Haydn Lewis
- Country (sports): Barbados
- Born: 2 January 1986 (age 40) Bridgetown, Barbados
- Plays: Left-handed (two-handed backhand)
- Prize money: US$31,061

Singles
- Career record: 3–14
- Career titles: 0
- Highest ranking: No. 583 (27 October 2008)

Doubles
- Career record: 9–8
- Career titles: 0
- Highest ranking: No. 405 (15 August 2011)

= Haydn Lewis =

Barbadian tennis player

Haydn Lewis (born 2 January 1986) is a professional Barbadian tennis player.

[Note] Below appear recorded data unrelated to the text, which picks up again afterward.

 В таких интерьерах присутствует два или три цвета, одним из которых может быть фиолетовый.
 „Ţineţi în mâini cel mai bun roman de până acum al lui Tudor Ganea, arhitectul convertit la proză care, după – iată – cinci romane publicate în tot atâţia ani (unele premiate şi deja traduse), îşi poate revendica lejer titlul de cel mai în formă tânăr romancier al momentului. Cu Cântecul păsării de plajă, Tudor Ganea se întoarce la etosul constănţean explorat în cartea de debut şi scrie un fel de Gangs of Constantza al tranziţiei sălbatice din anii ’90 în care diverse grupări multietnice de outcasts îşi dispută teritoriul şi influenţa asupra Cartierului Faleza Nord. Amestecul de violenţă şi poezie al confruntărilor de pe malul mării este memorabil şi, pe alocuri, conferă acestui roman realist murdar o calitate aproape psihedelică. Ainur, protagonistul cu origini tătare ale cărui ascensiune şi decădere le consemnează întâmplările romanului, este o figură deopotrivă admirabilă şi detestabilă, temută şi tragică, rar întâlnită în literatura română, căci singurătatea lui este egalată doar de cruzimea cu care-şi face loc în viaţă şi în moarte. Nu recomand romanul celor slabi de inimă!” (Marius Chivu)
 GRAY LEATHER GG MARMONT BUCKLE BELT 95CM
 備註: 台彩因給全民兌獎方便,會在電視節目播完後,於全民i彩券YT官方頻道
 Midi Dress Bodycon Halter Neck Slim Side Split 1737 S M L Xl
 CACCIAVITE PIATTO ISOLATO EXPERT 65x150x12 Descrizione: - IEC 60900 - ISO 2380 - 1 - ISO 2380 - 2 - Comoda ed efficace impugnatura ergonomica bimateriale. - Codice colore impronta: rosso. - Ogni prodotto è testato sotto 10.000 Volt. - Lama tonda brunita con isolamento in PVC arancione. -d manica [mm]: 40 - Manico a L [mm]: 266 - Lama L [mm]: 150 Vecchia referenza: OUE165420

Lewis reached his highest individual ranking on the ATP Tour on 27 October 2008, when he became World number 583. He primarily plays on the Futures circuit and the Challenger circuit.

Lewis is a member of the Barbadian Davis Cup team, having posted a 24–7 record in singles and a 15–9 record in doubles in thirty-six ties played.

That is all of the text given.